TASK TO COMPLETE
Would you repeat word for word the lines of the listing that follows, from the one with "Includes transducer for" up to and including the one with "Condensation of daunomycinone", and leave out the images?
** Opening SUPPLIED MATERIAL block **
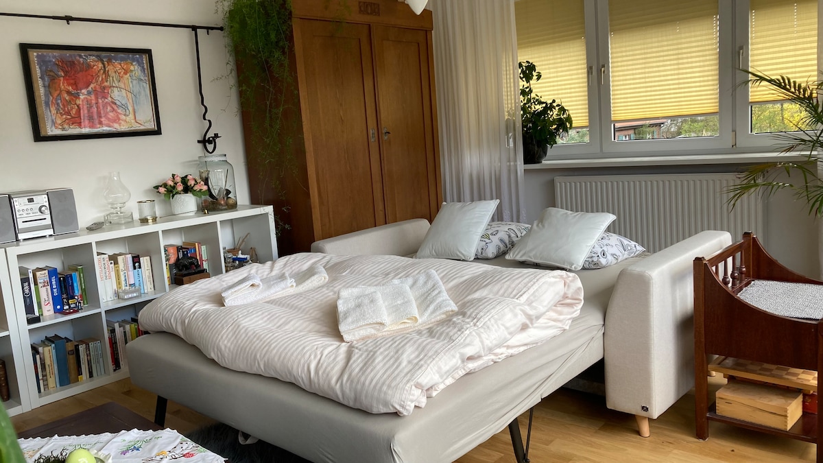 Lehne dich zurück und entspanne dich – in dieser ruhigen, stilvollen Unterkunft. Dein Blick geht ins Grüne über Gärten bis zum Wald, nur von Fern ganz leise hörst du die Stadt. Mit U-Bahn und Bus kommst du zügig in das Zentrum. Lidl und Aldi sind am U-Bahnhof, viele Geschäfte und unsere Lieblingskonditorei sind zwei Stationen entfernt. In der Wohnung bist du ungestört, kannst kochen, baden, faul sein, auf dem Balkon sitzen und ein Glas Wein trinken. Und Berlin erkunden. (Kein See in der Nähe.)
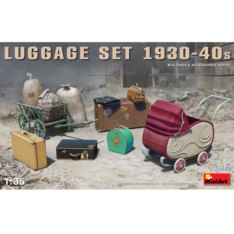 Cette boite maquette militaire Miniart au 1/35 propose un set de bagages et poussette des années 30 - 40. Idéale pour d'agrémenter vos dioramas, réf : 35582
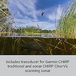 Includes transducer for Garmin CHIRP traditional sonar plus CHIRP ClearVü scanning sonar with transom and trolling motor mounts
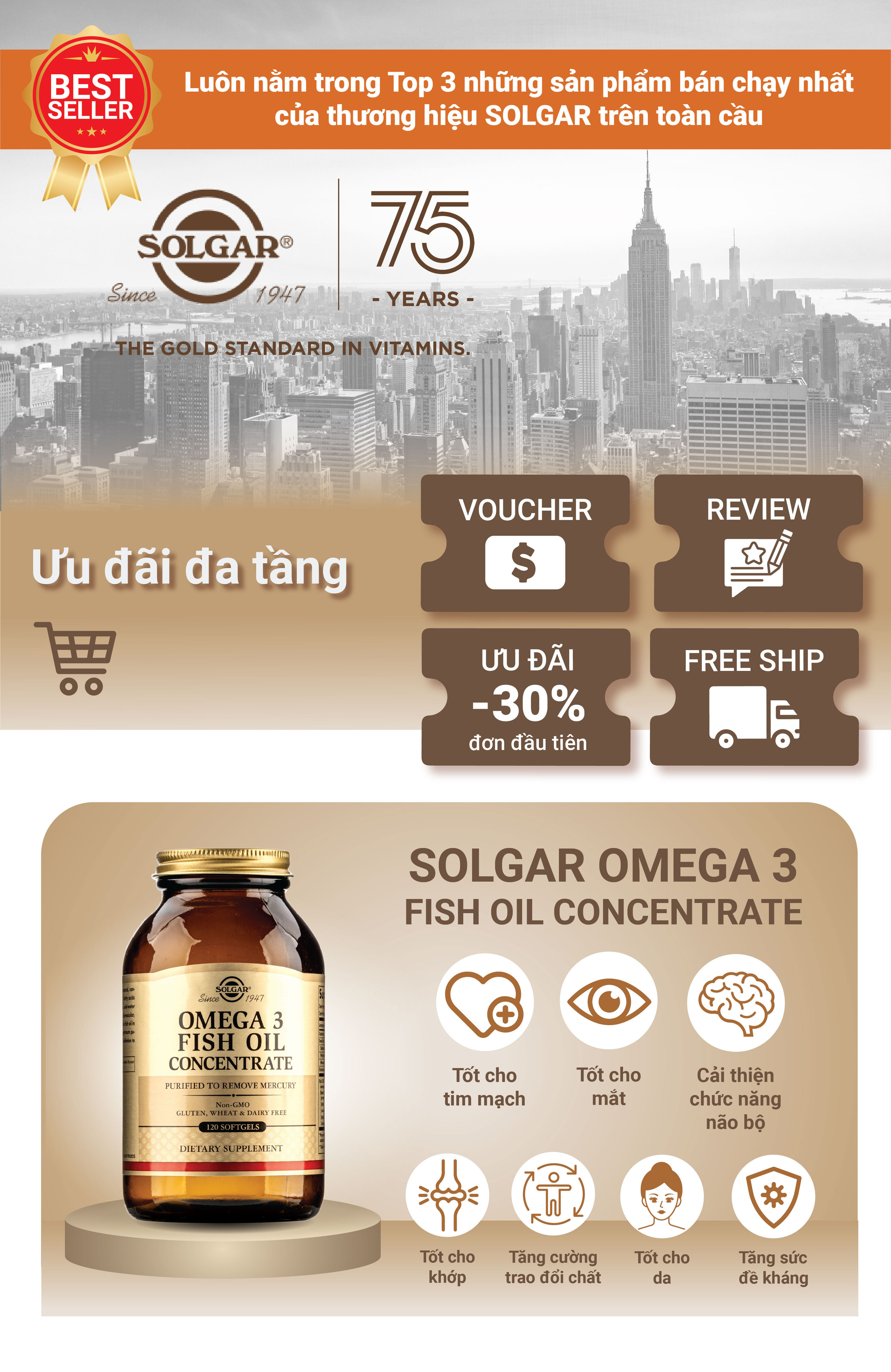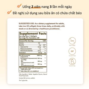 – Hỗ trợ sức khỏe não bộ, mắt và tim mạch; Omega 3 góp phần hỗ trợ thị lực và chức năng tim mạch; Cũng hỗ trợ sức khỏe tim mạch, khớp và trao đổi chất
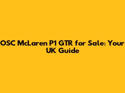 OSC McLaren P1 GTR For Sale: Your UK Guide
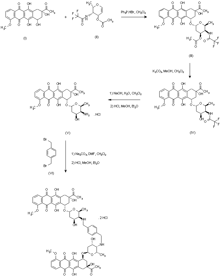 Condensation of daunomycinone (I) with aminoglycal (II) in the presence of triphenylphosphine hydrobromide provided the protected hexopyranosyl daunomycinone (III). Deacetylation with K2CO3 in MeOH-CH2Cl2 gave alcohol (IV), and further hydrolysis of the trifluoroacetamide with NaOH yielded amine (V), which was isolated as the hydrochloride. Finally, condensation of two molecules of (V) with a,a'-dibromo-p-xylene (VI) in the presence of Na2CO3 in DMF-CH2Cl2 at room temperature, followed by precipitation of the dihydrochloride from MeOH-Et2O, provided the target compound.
** Closing SUPPLIED MATERIAL block **
** Opening SUPPLIED MATERIAL block **
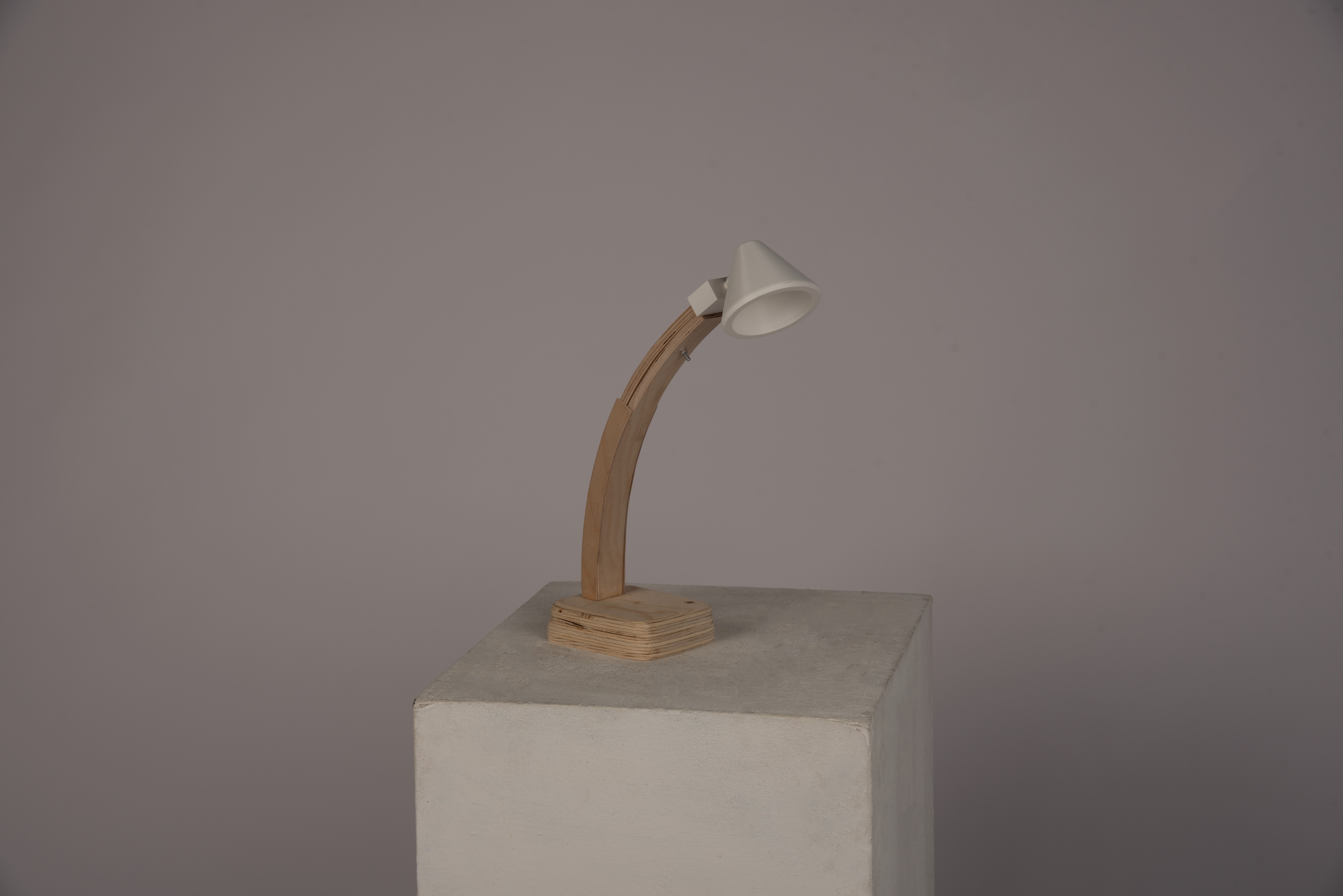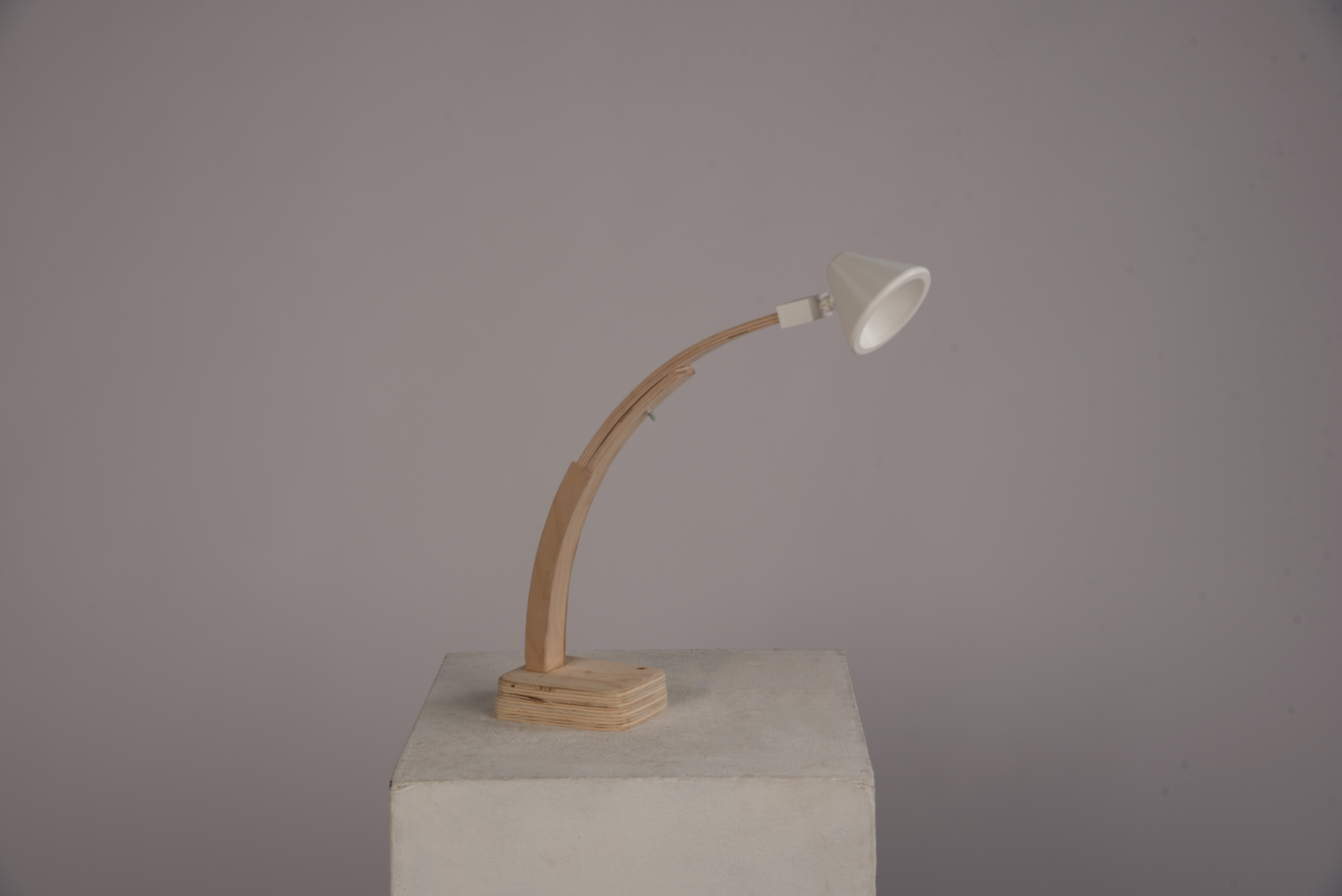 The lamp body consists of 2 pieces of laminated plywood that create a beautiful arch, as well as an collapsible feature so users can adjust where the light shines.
** Closing SUPPLIED MATERIAL block **
** Opening SUPPLIED MATERIAL block **
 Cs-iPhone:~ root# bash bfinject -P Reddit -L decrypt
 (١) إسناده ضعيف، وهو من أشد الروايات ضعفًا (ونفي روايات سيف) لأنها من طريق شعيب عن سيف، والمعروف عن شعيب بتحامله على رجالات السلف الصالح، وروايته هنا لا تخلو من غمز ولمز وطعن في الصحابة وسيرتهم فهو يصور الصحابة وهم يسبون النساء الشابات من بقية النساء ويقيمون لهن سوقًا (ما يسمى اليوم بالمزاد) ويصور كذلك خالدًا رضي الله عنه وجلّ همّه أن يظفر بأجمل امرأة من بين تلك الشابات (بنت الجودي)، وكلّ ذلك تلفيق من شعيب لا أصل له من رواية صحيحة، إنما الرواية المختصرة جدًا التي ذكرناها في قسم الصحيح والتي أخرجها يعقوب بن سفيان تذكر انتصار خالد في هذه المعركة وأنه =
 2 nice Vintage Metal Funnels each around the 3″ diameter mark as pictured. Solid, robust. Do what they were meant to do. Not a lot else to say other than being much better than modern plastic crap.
** Closing SUPPLIED MATERIAL block **
TASK OUTPUT
 Includes transducer for Garmin CHIRP traditional sonar plus CHIRP ClearVü scanning sonar with transom and trolling motor mounts
 – Hỗ trợ sức khỏe não bộ, mắt và tim mạch; Omega 3 góp phần hỗ trợ thị lực và chức năng tim mạch; Cũng hỗ trợ sức khỏe tim mạch, khớp và trao đổi chất
 OSC McLaren P1 GTR For Sale: Your UK Guide
 Condensation of daunomycinone (I) with aminoglycal (II) in the presence of triphenylphosphine hydrobromide provided the protected hexopyranosyl daunomycinone (III). Deacetylation with K2CO3 in MeOH-CH2Cl2 gave alcohol (IV), and further hydrolysis of the trifluoroacetamide with NaOH yielded amine (V), which was isolated as the hydrochloride. Finally, condensation of two molecules of (V) with a,a'-dibromo-p-xylene (VI) in the presence of Na2CO3 in DMF-CH2Cl2 at room temperature, followed by precipitation of the dihydrochloride from MeOH-Et2O, provided the target compound.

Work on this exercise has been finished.